El agente Randy Mansfield asintió en silencio. La camisa blanca de su uniforme aparecía cubierta de sangre. El hombre, pasmado, dio un paso adelante. Daniel corrió hasta él y lo ayudó a sentarse en una silla mientras respiraba hondo.

– Mierda -susurró. Detrás de la mesa vio a un joven agente vestido con el uniforme del Departamento de Policía de Dutton, desplomado en el suelo sobre la espalda, con un brazo extendido y el dedo rodeando el gatillo de su revólver. Su camisa blanca mostraba una mancha de quince centímetros de diámetro a la altura del abdomen y de su espalda salía un reguero de sangre.

– Están todos muertos -musitó Randy en estado de shock-. Todos muertos.

– ¿Estás herido? -preguntó Daniel.

Randy negó con la cabeza.

– Hemos disparado los dos a la vez, el agente Cowell y yo. A él lo han herido. Está muerto.

– Randy, escúchame. ¿Estás herido?

Randy volvió a negar con la cabeza.

– No. La sangre es suya.

– ¿Cuántos hombres armados había?

Poco a poco las mejillas de Randy fueron recuperando el color.

– Uno.

Daniel presionó con los dedos la garganta del joven agente. No tenía pulso. Con la mano en que llevaba la pistola pegada al cuerpo, entró en la cocina por la puerta de vaivén.

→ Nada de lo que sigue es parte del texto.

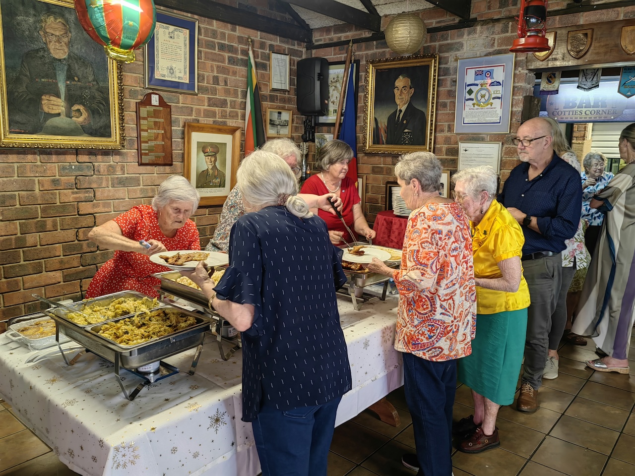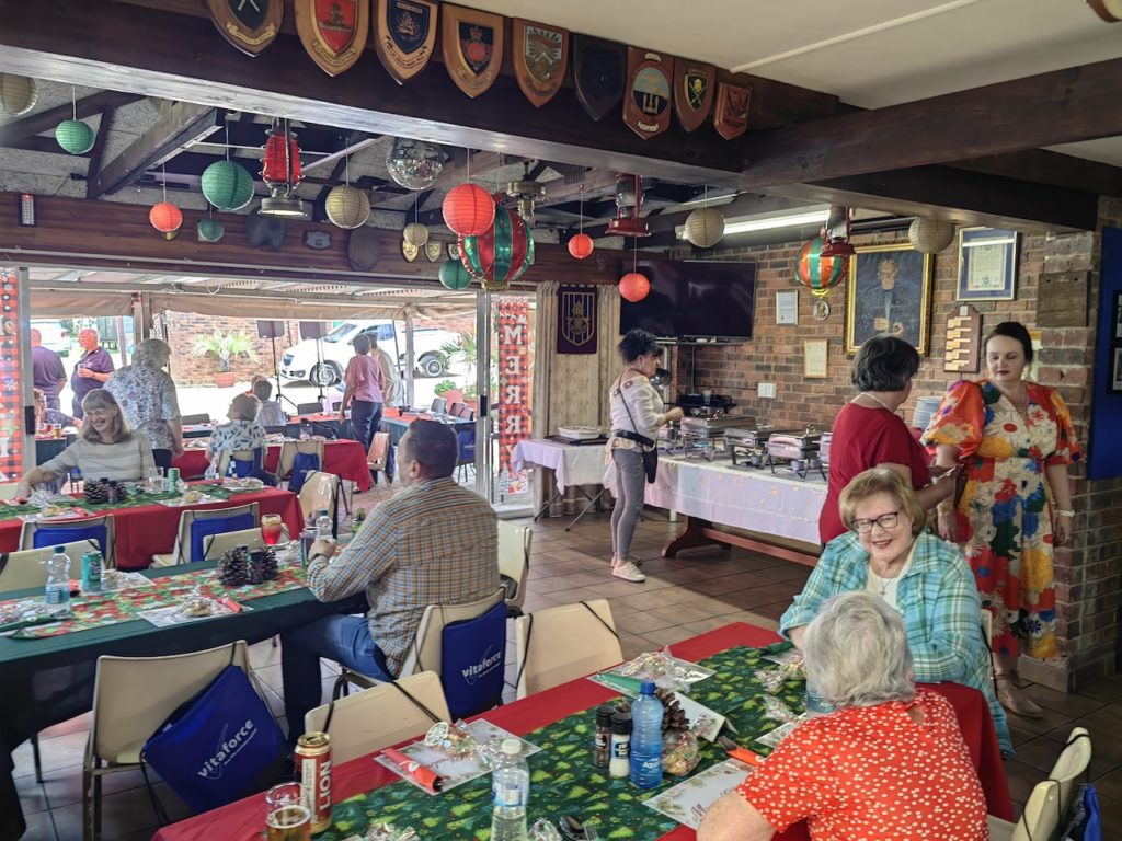Once again the Management committee arranged a lunch for the residents of Moth Cottesloe Homes. A very big thank you from the management committee to Mary Anne and her little elves who sorted decorated, arranged sponsorship, cooked the vegetables and generally made sure the day was a great success. All a big thank you to all the residents who had a part to play on the day. The meat for the day was a spit braai with 14 kgs of Beef and 14 kgs of Pork which was brilliant.

– ¡Policía! -anunció a voz en grito, pero no obtuvo respuesta. No se oía ni un solo ruido. Penetró en la cámara frigorífica pero allí tampoco había nadie. Abrió la puerta trasera del restaurante, que daba a un callejón. Un Ford Taurus oscuro estaba parado con el motor en marcha. Si el agresor había acudido acompañado, la persona en cuestión hacía rato que se había dado a la fuga.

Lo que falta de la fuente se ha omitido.